Degradation resistance

Pure squid gradually degraded after long-term storage or heat treatment31,32. Therefore, whether the obtained squid/PAAm-6 DN gel would degrade with time or by heating was investigated. Figure 7a shows the tensile stress–strain curves of the squid/PAAm-6 DN gel left for two months at 4 °C. The DN gel maintained its high strength after two months of storage, while there was little deterioration in the physical properties. Figure 7b shows the stress–strain curves of the squid/PAAm-6 DN gel heated at 90 °C for 1 h. In this case, no significant deterioration was observed (Supplementary Fig. 5). The mechanical deterioration of pure squid was mainly caused by the denaturation of connective tissue that bound the muscle fibers. In squid/PAAm DN gels, the stable PAAm matrix was substituted for connective tissue. This phenomenon could explain why the significant mechanical deterioration of the squid/PAAm DN gels due to heat or long-term storage was not observed.

Fig. 7: Degradation resistance of the squid/PAAm DN gels.
figure 7

a Uniaxial tensile stress–strain curves of the fresh squid/PAAm-6 DN gel (DN) and squid/PAAm-6 DN gel after 2 months of storage (stored DN). b Uniaxial stress–strain curves of the fresh squid/PAAm-6 DN gel and the squid/PAAm-6 DN gel after heat treatment (heat-treated DN).

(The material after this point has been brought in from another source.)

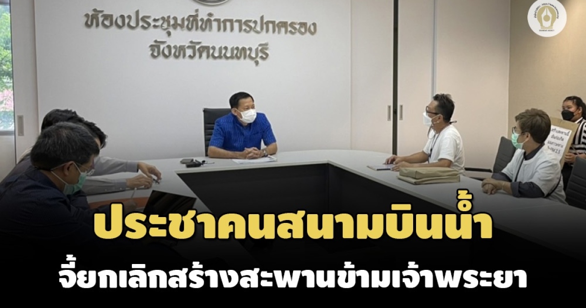 ประชาคมสนามบินน้ำยื่นหนังสือถึงผู้ว่าฯ นนทบุรี ค้านสร้างสะพานข้ามเจ้าพระยา อ้างใช้งบไม่คุ้มค่า-ก่อมลภาวะ กระทบคุณภาพชีวิต 500,000 คน

We successfully synthesized a tough and anisotropic squid/PAAm DN hydrogel using the squid mantle as a primary network. The DN gel was prepared using a low-energy process by leaving the precursor at 65 °C for 10 h. The tensile properties of the squid/PAAm DN gels were significantly enhanced relative to those of untreated squid while maintaining the anisotropy from the squid mantle muscle. In addition, a squid/PAAm DN gel could serve as a material with remarkable fracture resistance, where cracks would be less likely to propagate across muscle fibers. The introduced PAAm could function as an artificial connective tissue that strongly bound to the muscle fibers of squid and provided elasticity and stability to the material. To date, we do not have evidence of interactions between the squid muscle fibers and PAAm. Thus, the effects of the gel−fiber interaction on the mechanical and fracture properties of the materials were not clear, which was a limitation of this study that should be investigated in the future.

The squid/PAAm DN gel would be potentially useful as load-bearing artificial fibrous tissues, such as artificial ligaments and tendons. The basic criteria of artificial fibrous tissues were biocompatibility, high fracture resistance, and high elastic modulus. The squid/PAAm DN gel was potentially biocompatible after removing residual unreacted monomers (Supplementary Fig. 6), and it exhibited excellent fracture toughness. Unfortunately, the elastic modulus was not sufficient at this point for this purpose and had to be improved by modifying the compositions of the two components.

As shown by the squid/PAAm DN gels in this paper, the preparation of natural/synthetic DN gels was an effective and general method for producing tough DN gels with outstanding functions derived from the anisotropy characteristics of biological products. Anisotropy and related mechanical functions were controllable by choosing natural products for the primary network. The study of natural/synthetic DN gels would aid the development of anisotropic gels with elaborate structures and functions for more practical applications.